WASHINGTON (Reuters) -High inflation is being driven by global phenomena that could not be anticipated, including Russia’s invasion of Ukraine, U.S. Deputy Secretary of the Treasury Wally Adeyemo said on Wednesday, adding that U.S. demand remains strong.

“I don’t think anyone saw the invasion – Russia’s invasion of Ukraine – coming, which is driving the high energy prices that we see today,” Adeyemo told MSNBC a day after U.S. Treasury Secretary Janet Yellen said she was “wrong” last year about the path that inflation would take.
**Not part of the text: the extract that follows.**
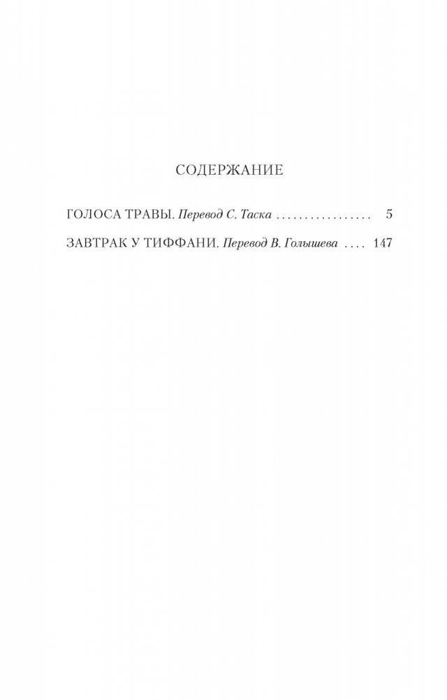 Вниманию читателя предлагаются две его классические повести: лирические «Голоса травы», публикующиеся в новом переводе, а также самое знаменитое произведение Капоте, прославленное в 1961 году экранизацией с Одри Хепберн в главной роли, сыгравшей главную героиню повести Холли Голайтли, одну из самых ярких и необычных женщин американской литературы. Эксцентричную, полную жизни Холли влечет к себе мир богатых людей, сверкающий яркими огнями бриллиантовых колье. Руководствуясь в своих поступках лишь голосом сердца, сочетая детскую наивность с чарующим обаянием настоящей женщины, она как бы воплощает в себе саму сущность Нью-Йорка — города, в котором мечты лежат на расстоянии вытянутой руки, отгороженные блестящими стеклами пленяющих взгляды витрин.

Yellen had told CNN on Tuesday that since public comments she made in 2021 suggesting a more benign and transitory path for inflation, the global economy was hit by multiple unanticipated shocks, including persistent supply chain disruptions, Russia’s war in Ukraine and strict lockdowns of China’s economy.

Adeyemo echoed those comments and said other countries were also struggling with high inflation.

“The best way to compare what’s happening here in the United States is to look around the world, because inflation isn’t only happening here in the United States. It’s happening around the globe,” Adeyemo said.

Adeyemo said President Joe Biden had outlined plans to address inflation, including potential future releases from the Strategic Petroleum Reserve, but dodged a question about new approaches.

“The best example of the things we’re willing to do in the future is what we’ve already done, including releasing the Strategic Petroleum Reserve,” he added.

President Biden was also looking at calling on energy producers to boost production to drive prices lower.

“We’re open to doing everything that the president can do on his own, but he also wants to work with Congress to do things like bring down the price of prescription drugs.”

Asked if he believed inflation could be brought down without causing a recession, Adeyemo said: “I do, because part of my job is talking to business leaders around the country. The CEOs … make clear to me that they feel as if demand for their products and goods remains strong.”